Multi-agent systems may involve passing context between different agents, which increases overhead costs.
Getting to the required level of reliability today may need multiple passes through the agentic system, which also increases token consumption.

This creates a Goldilocks problem: LLMs need context and memory that are precise, updated, and relevant – not too much and not too little – yet filtering, prioritising, and retaining exactly the right information is a notoriously hard balance to strike. This is exactly what practises like context engineering address, and the startups we talk about through the course of this report have made context engineering and memory management that much easier for us.

Personalisation: The Promise of Persistence and Context Portability

Imagine having an AI agent work for you, and having to constantly remind it of your preferences. Frankly, it sounds exhausting and frustrating. But traditional LLMs are stateless, which means that they process each prompt in isolation without retaining previous context. This statelessness is what makes AI agents unable to perform robust long-horizon planning and execution (especially for complex, multi-stage tasks), unless their memory is externally managed.

AI memory startups like Cognee, Mem0,Zep and Letta are building systems that give AI persistent, evolving memory. They capture and organise information from user interactions and data streams into structured knowledge – often using graph-based or semantic layers – so AI agents can recall, update, and reason over past experiences. These platforms continuously refine what’s stored and retrieved, ensuring context stays relevant over time and enabling AI to learn and adapt dynamically, much like human memory.

Besides using AI memory to retain knowledge of prior interactions to deliver a better and more personalised user experience, there’s a fascinating new development: context portability.

If you think about your own digital life, so much about you is scattered across different platforms. Anthropic’s Claude knows how you like to code, Google’s Gemini knows what kind of styles and aesthetic you prefer when generating images, ChatGPT knows how you like your LinkedIn posts to be written, YouTube knows what videos you’ve watched, Amazon knows what you’ve shopped, Instagram knows which places you’ve holidayed in… you get the picture. So if you wanted ChatGPT to recommend a holiday destination for you, it would be far more useful for it to know whether you’re a mountains or beach kind of person (based on your Instagram pictures) or your hobbies and interests (based on your search history, YouTube videos, Instagram posts and so on).
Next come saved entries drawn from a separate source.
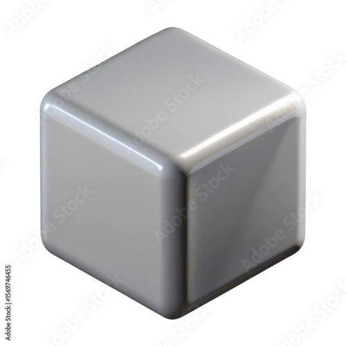 Isolated silver cube render for graphic design and d modeling with rounded edges on black background
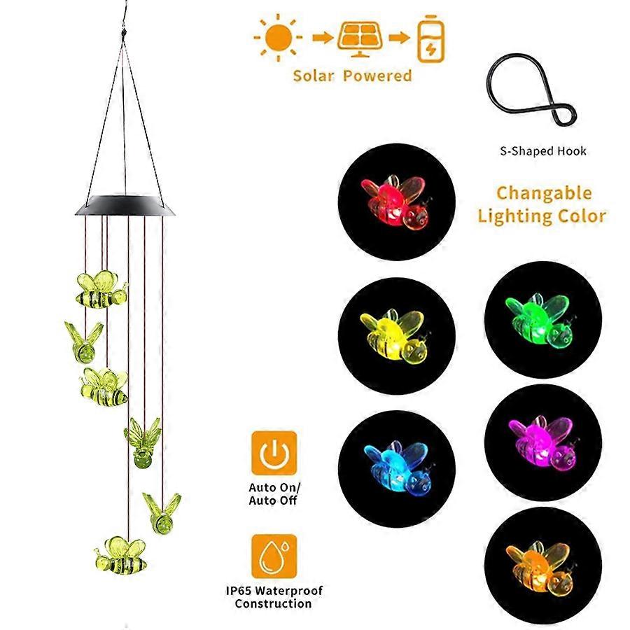 LED Wind Chime Light Colorful Bee Snowflake Wind Bell Solar Lamp for Bedroom Garden Decoration Party Atmosphere Decoration Light
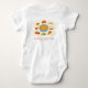 Um body "Meu Primeiro Dia de Ação de Graças" fofo e engraçado para o seu bebê ou bebê menino para celebrar o feriado, apresentando um design circular de alimentos favoritos do Dia de Ação de Graças com macarrão e queijo no centro em vez do peru esperado. Personalize com um ano e um nome clicando no botão Personalizar e editando os campos do modelo. O design está em ambos os lados.
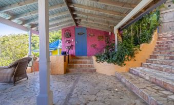A short flight of steps brings you to Papaya and Vanilla suites. Papaya has its own private deck, complete with a tree growing through it and outside shower, all positioned to catch the cooling breezes of the Caribbean.
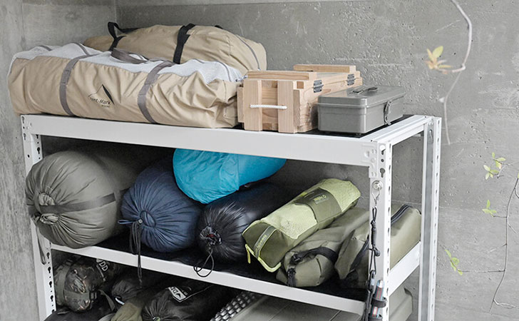 スチールラックはアウトドア・キャンプ用品の収納にもおすすめ。
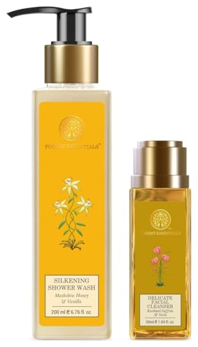 Forest essentials Silkening Shower Wash Mashobra Honey & Vanilla,200 ml & Travel Size Delicate Facial Cleanser Kashmiri Saffron & Neem| 50 ml Combo
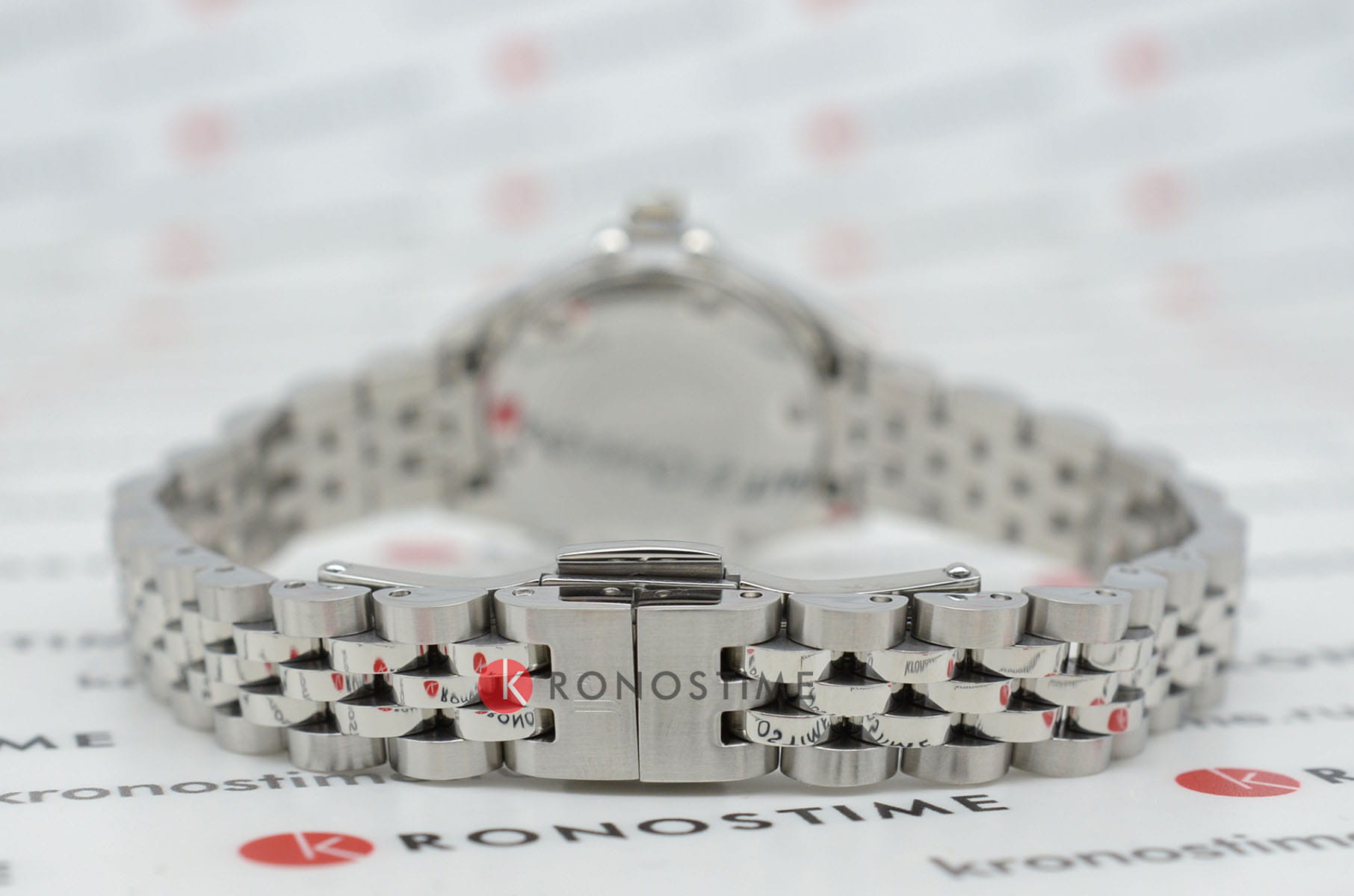 Jacques Philippe JPQLS821326 — женские часы в сдержанном классическом исполнении с акцентом на простоту и надёжность. Корпус диаметром 26 мм выполнен из нержавеющей стали — делает модель универсальной и комфортной в повседневной носке. Циферблат оформлен в светлом металлическом тоне с тонкими стрелками, лаконичными часовыми метками и аккуратным окошком даты в позиции «3 часа». Минималистичный стиль подчёркивает строгость и чистоту дизайна. Поверхность защищена устойчивым к царапинам сапфировым стекломСапфировое стеклоПрочный и надёжный материал из кристалла сапфира синтетического происхождения, характеризующийся особой твёрдостью и устойчивостью к царапинам и повреждениям., которое обеспечивает хорошую читаемость и долговечность. Механизм — точный швейцарский кварц, не требующий подзавода. Он обеспечивает стабильную и бесперебойную работу часов, сохраняя точность в любых условиях. Браслет из нержавеющей стали визуально продолжает корпус и фиксируется на застёжке-бабочке с кнопкамиЗастёжка "бабочка"Такой вид застёжки дополняется предохранителями, помогающими избежать случайного раскрытия браслета. Обладают изящным исполнением. , обеспечивая комфортную посадку. Водозащита до 10 ATM позволяет использовать часы не только в повседневной жизни, но и при активности на воде. Jacques Philippe — это надёжная и универсальная модель для тех, кто ценит швейцарскую точность, простоту и уверенный стиль без лишних деталей.

Context portability is exactly what it sounds like: sharing context from one data controller (e.g. YouTube, Instagram, Amazon) to another (e.g. ChatGPT) so you have a better user experience with your personal AI agent. You could even use it to easily move your accumulated context from one AI provider to another (e.g. ChatGPT to Claude), so you have complete flexibility in which AI models you use. It’s like Open Banking, but for your digital data rather than your financial data. And much like Open Banking, the idea is that users are able to control, scope access to, use, and monetise their cross-platform data easily (particularly as the number of data sources increase). And startups like Fabric are making it that much easier for users to do so, by solving all the hard infrastructure challenges underneath.

From a regulatory perspective, GDPR Article 20 provisions for data portability, including “the right to have the personal data transmitted directly from one controller to another, where technically feasible,” and Digital Markets Act Article 6(9) establishes the gatekeepers’ obligation to provide end users with effective data portability. Similarly, UK’s Smart Data Scheme is a framework that allows customers to securely share their data with authorised third parties to get better services. Startups such as Fabric and Vypr are leveraging context portability to give users more personalised experiences securely, and at the same time aligning with emerging data rights and regulatory frameworks. While Fabric focuses on better AI experiences, and Vypr focuses on agentic commerce, we see both leveraging context portability.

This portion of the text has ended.